[Available data]
-- -- --

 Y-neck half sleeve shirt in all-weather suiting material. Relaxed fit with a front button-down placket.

-- -- --

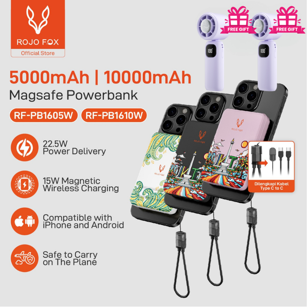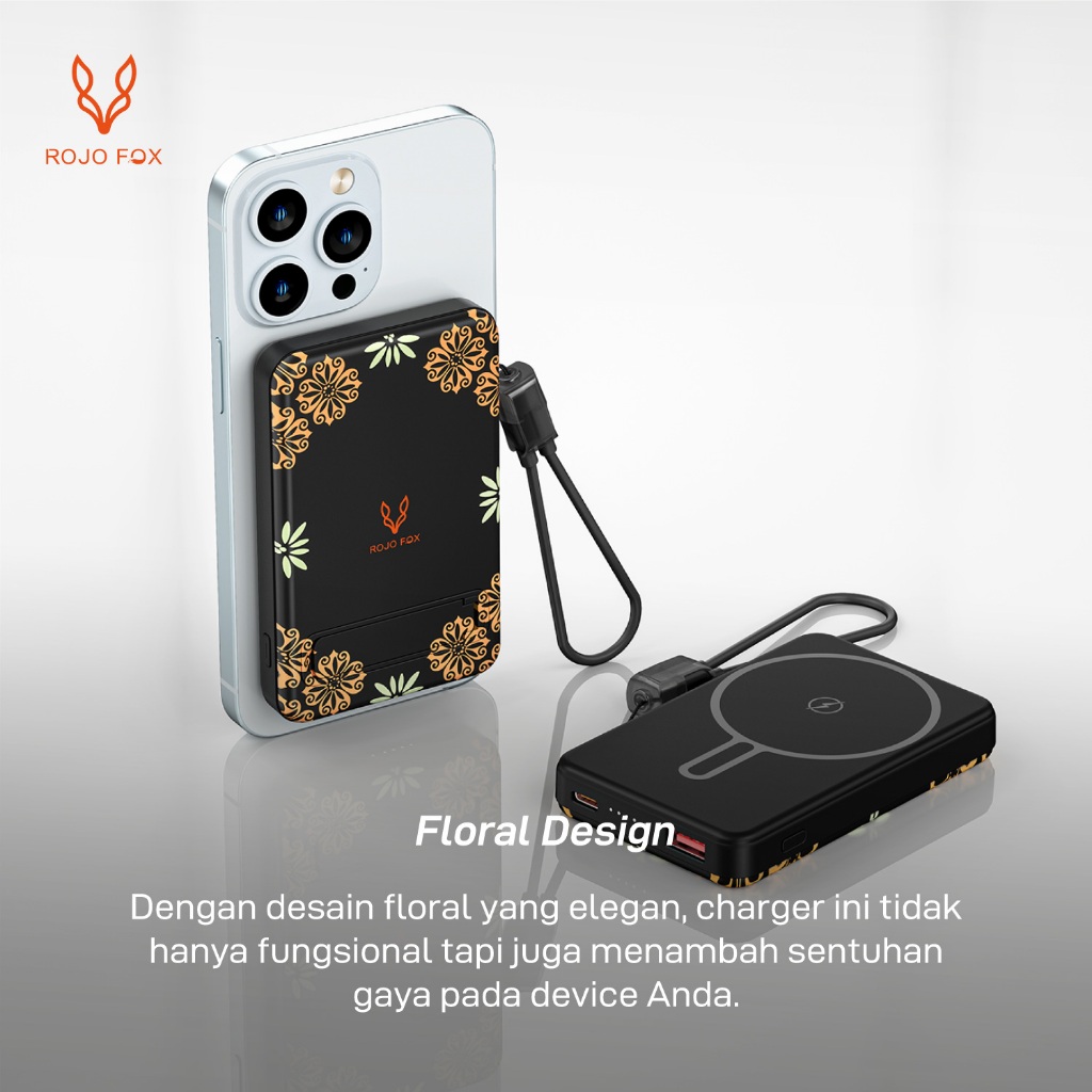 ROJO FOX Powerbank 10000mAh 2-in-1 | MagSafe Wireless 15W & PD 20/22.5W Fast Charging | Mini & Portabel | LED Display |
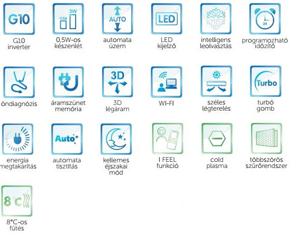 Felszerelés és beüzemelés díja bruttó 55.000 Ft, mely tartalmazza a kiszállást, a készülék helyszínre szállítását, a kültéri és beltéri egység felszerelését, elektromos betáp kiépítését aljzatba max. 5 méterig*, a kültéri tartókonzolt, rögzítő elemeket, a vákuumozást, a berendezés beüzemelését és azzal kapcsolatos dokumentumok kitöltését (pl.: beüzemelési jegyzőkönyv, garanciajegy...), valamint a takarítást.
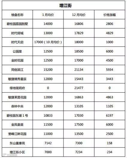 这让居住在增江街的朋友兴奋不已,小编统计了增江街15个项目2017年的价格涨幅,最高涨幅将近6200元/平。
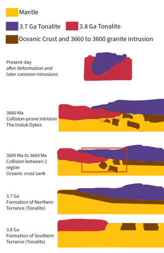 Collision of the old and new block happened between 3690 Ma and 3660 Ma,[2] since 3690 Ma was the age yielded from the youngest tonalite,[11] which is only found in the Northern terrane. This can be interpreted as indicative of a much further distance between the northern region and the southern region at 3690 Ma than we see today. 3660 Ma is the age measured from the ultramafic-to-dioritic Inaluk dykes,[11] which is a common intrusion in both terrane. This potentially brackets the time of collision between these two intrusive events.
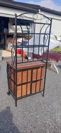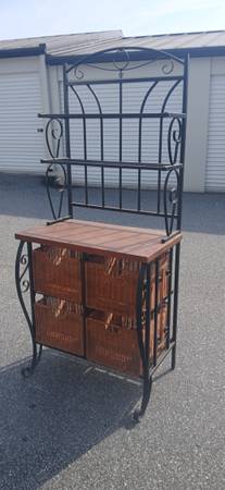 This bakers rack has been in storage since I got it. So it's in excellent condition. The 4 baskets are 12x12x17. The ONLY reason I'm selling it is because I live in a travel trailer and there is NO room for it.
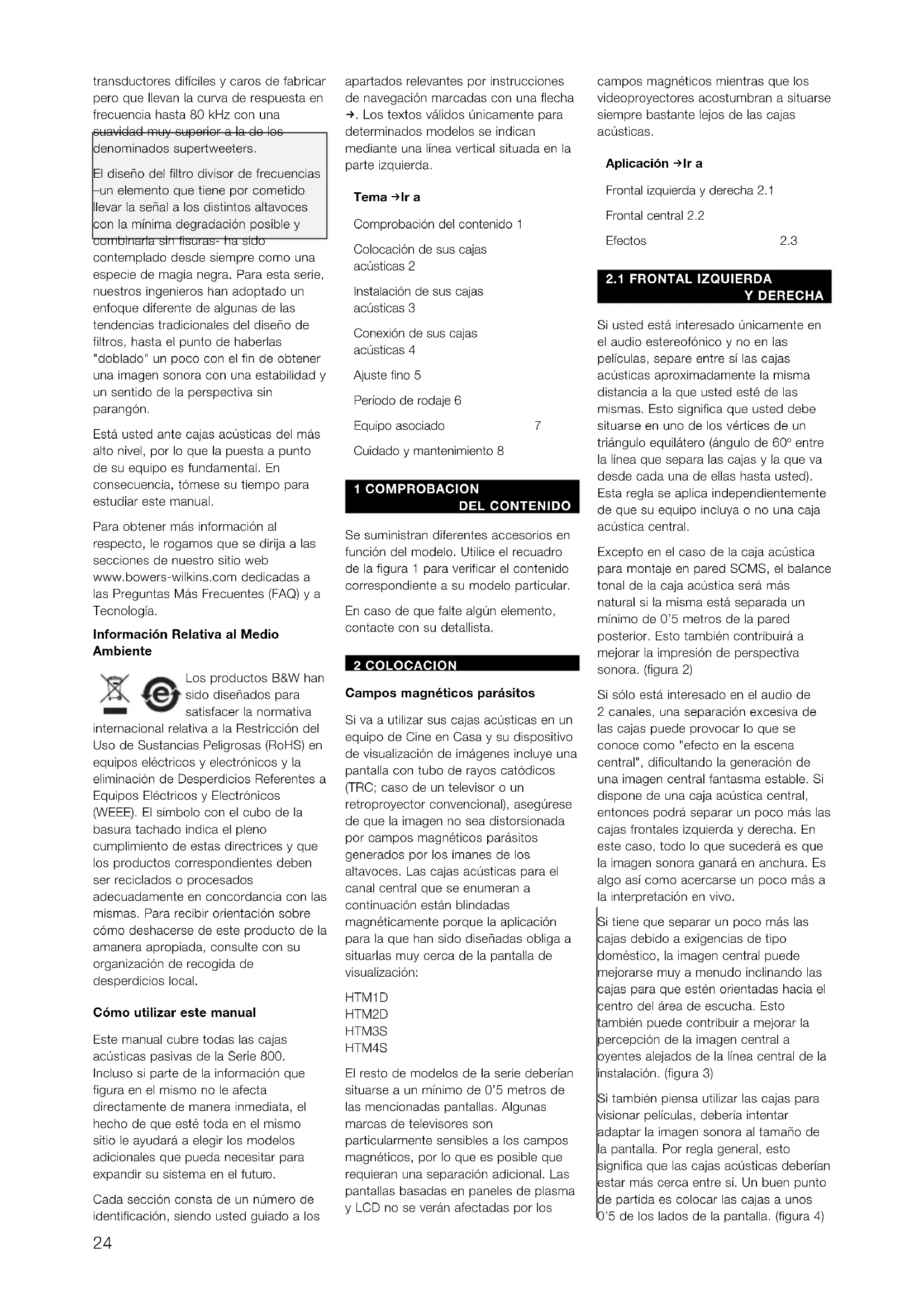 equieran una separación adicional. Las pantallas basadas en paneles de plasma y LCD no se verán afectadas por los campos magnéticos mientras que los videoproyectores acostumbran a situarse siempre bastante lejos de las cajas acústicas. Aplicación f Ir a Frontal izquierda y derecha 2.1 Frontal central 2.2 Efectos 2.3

-- -- --

[Task directions] Within the listing above, find the line containing "这让居住在增江街的朋友兴奋不" and the line containing "equieran una separación". Transcribe them and everything between them exactly, leaving out the pictures.

[Response to the task]
 这让居住在增江街的朋友兴奋不已,小编统计了增江街15个项目2017年的价格涨幅,最高涨幅将近6200元/平。
 Collision of the old and new block happened between 3690 Ma and 3660 Ma,[2] since 3690 Ma was the age yielded from the youngest tonalite,[11] which is only found in the Northern terrane. This can be interpreted as indicative of a much further distance between the northern region and the southern region at 3690 Ma than we see today. 3660 Ma is the age measured from the ultramafic-to-dioritic Inaluk dykes,[11] which is a common intrusion in both terrane. This potentially brackets the time of collision between these two intrusive events.
 This bakers rack has been in storage since I got it. So it's in excellent condition. The 4 baskets are 12x12x17. The ONLY reason I'm selling it is because I live in a travel trailer and there is NO room for it.
 equieran una separación adicional. Las pantallas basadas en paneles de plasma y LCD no se verán afectadas por los campos magnéticos mientras que los videoproyectores acostumbran a situarse siempre bastante lejos de las cajas acústicas. Aplicación f Ir a Frontal izquierda y derecha 2.1 Frontal central 2.2 Efectos 2.3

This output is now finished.